# [Input data]
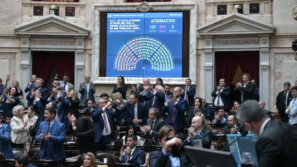 La Cámara de Diputados aprobó este miércoles la reforma a la Ley de Glaciares impulsada por el Gobierno, tras una maratónica sesión que se desarrolló en medio de protestas y represión policial en las inmediaciones del Congreso.
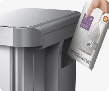 Conservare le fodere nel porta sacchetti, estrarre una fodera fresca dall'interno della pattumiera e chiudere il bordo per sacchetti per nasconderla e mantenerla in posizione.
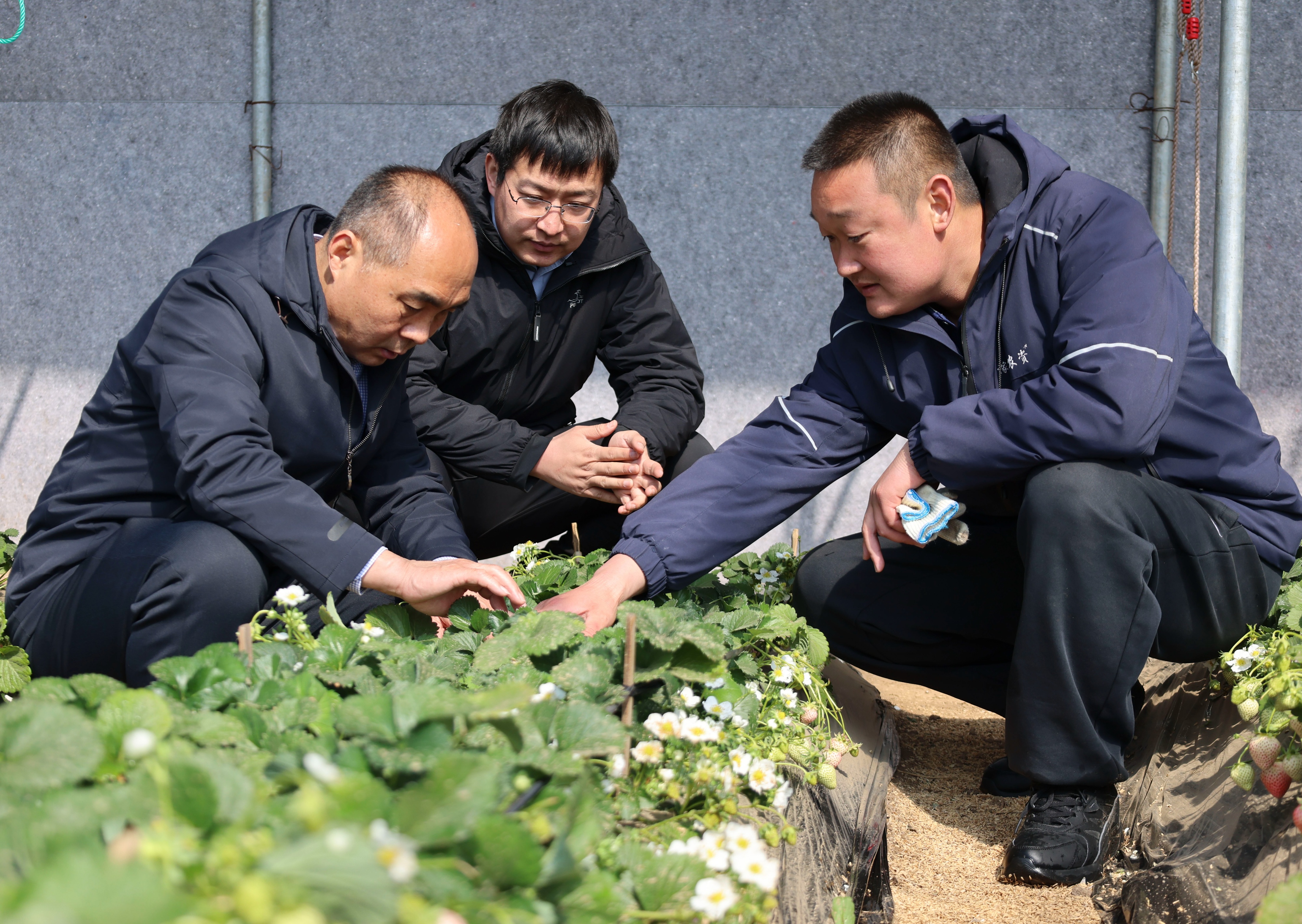 3月3日,邹平市青阳镇农业技术推广研究员孔令东(左一)在指导农户管理草莓。

# [Task goal]
Restate all of the material word for word, leaving every picture out.

# [Response to this task]
 La Cámara de Diputados aprobó este miércoles la reforma a la Ley de Glaciares impulsada por el Gobierno, tras una maratónica sesión que se desarrolló en medio de protestas y represión policial en las inmediaciones del Congreso.
 Conservare le fodere nel porta sacchetti, estrarre una fodera fresca dall'interno della pattumiera e chiudere il bordo per sacchetti per nasconderla e mantenerla in posizione.
 3月3日,邹平市青阳镇农业技术推广研究员孔令东(左一)在指导农户管理草莓。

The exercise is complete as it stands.